Global equity markets were evenly divided last night with winners slightly outnumbering losers. Overnight economic news included a 0.9% decline in Japanese machinery orders for August, a slightly softer than expected Australian employment change of +14,900, a 0.2% jump in the Australian unemployment rate, a 0.4% decline in Japanese Tertiary Industry Index for August, an expansion of the UK goods and trade gap deficit, a minimal 0.1% gain in UK GDP, a 0.4% gain in UK industrial production, and a -0.2% Italian Consumer Price Index reading for September. If the US government were open, the markets today would have been presented with US claims, PPI, retail sales and business inventories.
STOCK INDEX FUTURES
While the equity markets continue to recover from the recent aggressive washout, we get the sense the bull trade is more hesitant than prior to the October 10th washout. However, US bank earnings have been solid this week, and investors have largely discounted equity market bubble talk. However, with a lack of scheduled data flow, today’s corporate earnings should maintain a prominent position in the headlines. In fact, the trade will see another wave of bank earnings, brokerage earnings and earnings from cyclical companies like CSX Corporation, Taiwan semiconductor, Snap-on Inc. and Manpower group Inc.
CURRENCY FUTURES
While the dollar managed to largely reject the new low for the move early today, the path of least resistance remains down with dovish takeaways from Fed headlines likely the genesis of the current slide in the greenback. The bear track in the dollar is surprising considering continued soft international data flow, residual strength in US equities and positive US bank earnings. Nonetheless, the previous 48 hours has presented numerous indications from the Fed (speeches and the Beige Book) that more US rate cuts are ahead and that should result in a dollar trade below 98.00. However, there should be some dollar support from overnight economic news which included a 0.9% decline in Japanese machinery orders for August, a slightly softer than expected Australian employment change of +14,900, a 0.2% jump in the Australian unemployment rate, a 0.4% decline in Japanese Tertiary Industry Index for August, an expansion of the UK goods and trade gap deficit, a minimal 0.1% gain in UK GDP, a 0.4% gain in UK industrial production, and a -0.2% Italian Consumer Price Index reading for September.

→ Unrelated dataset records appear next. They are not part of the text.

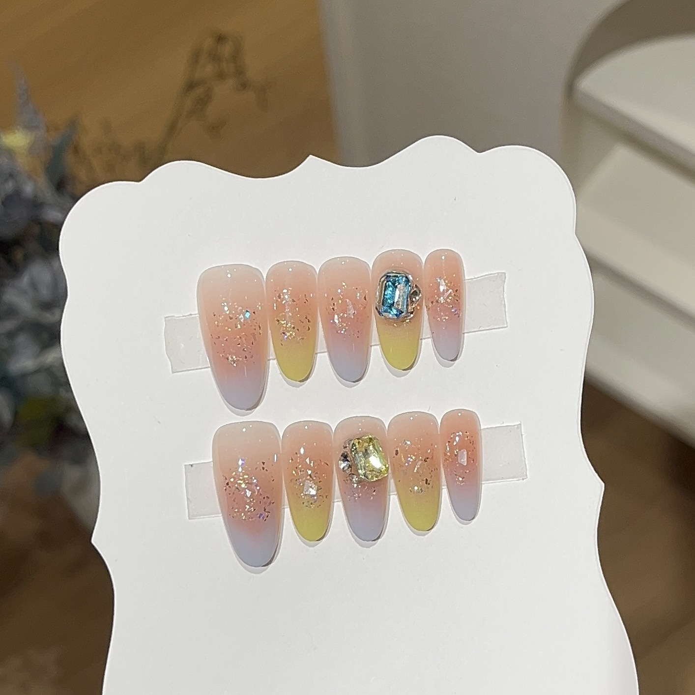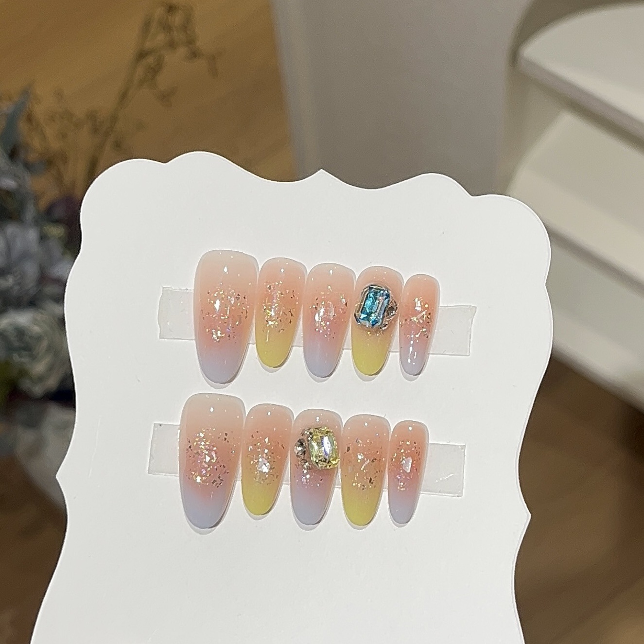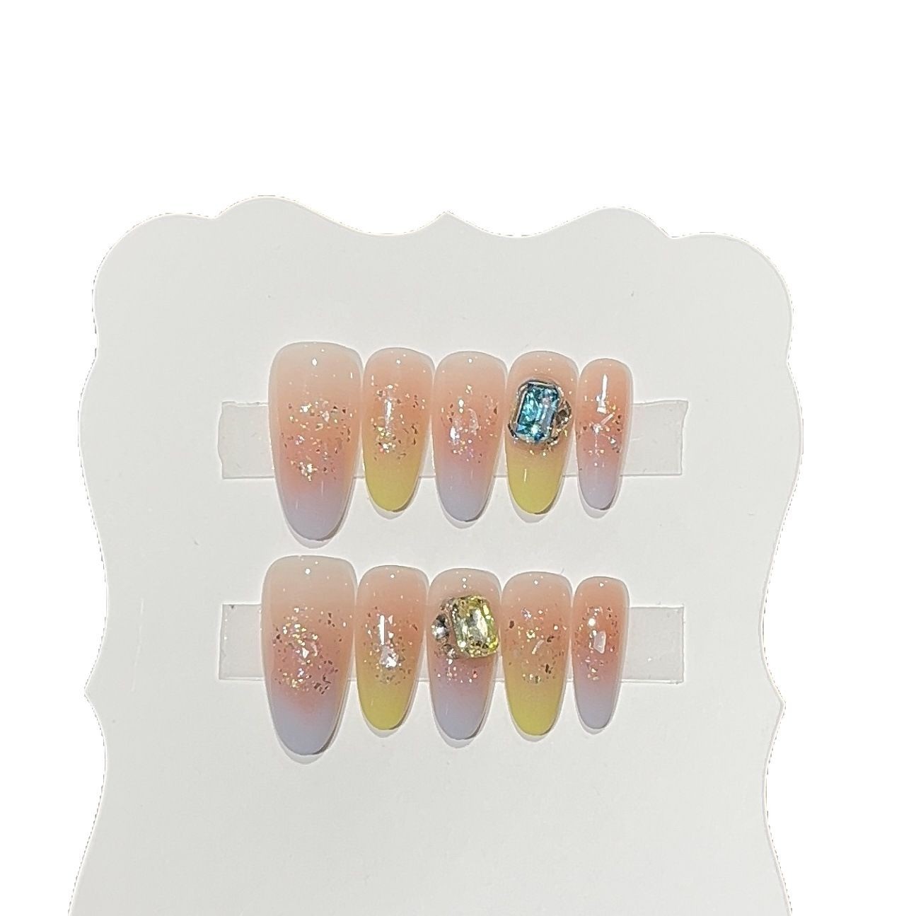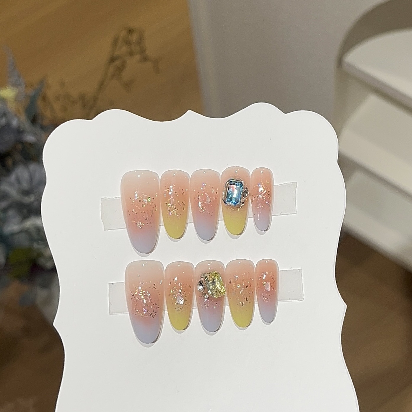 一只顾【奶油糖果】 春日靓色可爱短甲腮红箔金银紫黄色渐变美甲
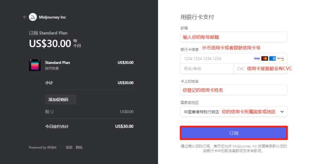 3. 输入你的信用卡相关信息,点击[订阅]即可开通会员
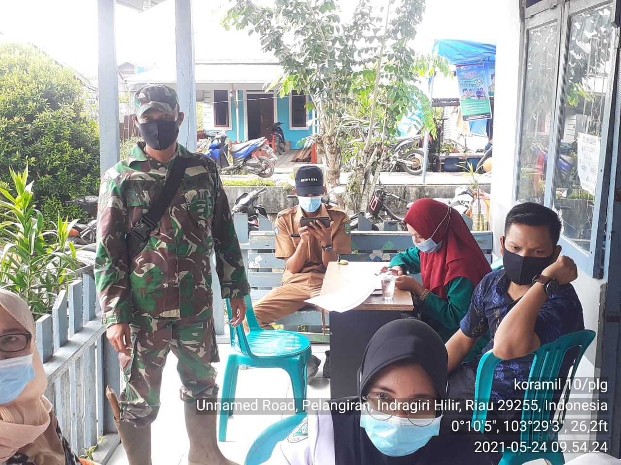 SERIBUPARITNEWS.COM, PELANGIRAN - Babinsa Koramil 10/Pelangiran Kodim 0314/Inhil Kopda Dodimen melaksanakan kegiatan pendampingan penyuntikan Vaksin Sinovak multidosis Senin (24/05/2021)

INTEREST RATE MARKET FUTURES
Even though US treasuries have generally lost upside momentum, a pattern of higher lows has remained in place, and several short-term technical indicators remain in “buy mode”. A Bloomberg analyst made a good point overnight when he suggested that the “US Fed and US banks seem to be in different worlds” with respect to forward views. The Fed chairman yesterday saw a softening jobs market but also sees tightening liquidity within money markets. Bank earnings reports this week told a slightly different story with good earnings and ideas of abundant liquidity remaining in place. Nonetheless, the Fed chairman added to recent speculation of an ongoing wind down of the Fed’s balance sheet. Most importantly the Fed chairman seemed to indicate the Fed’s quantitative tightening efforts would end in the coming months. With global economic data continuing to throw off signs of slowing, some international inflation readings softening, a US slowing bias the bull camp generally holds serve. Furthermore, the US Beige Book release yesterday clearly solidifies expectations of two additional rate cuts before the end of the year.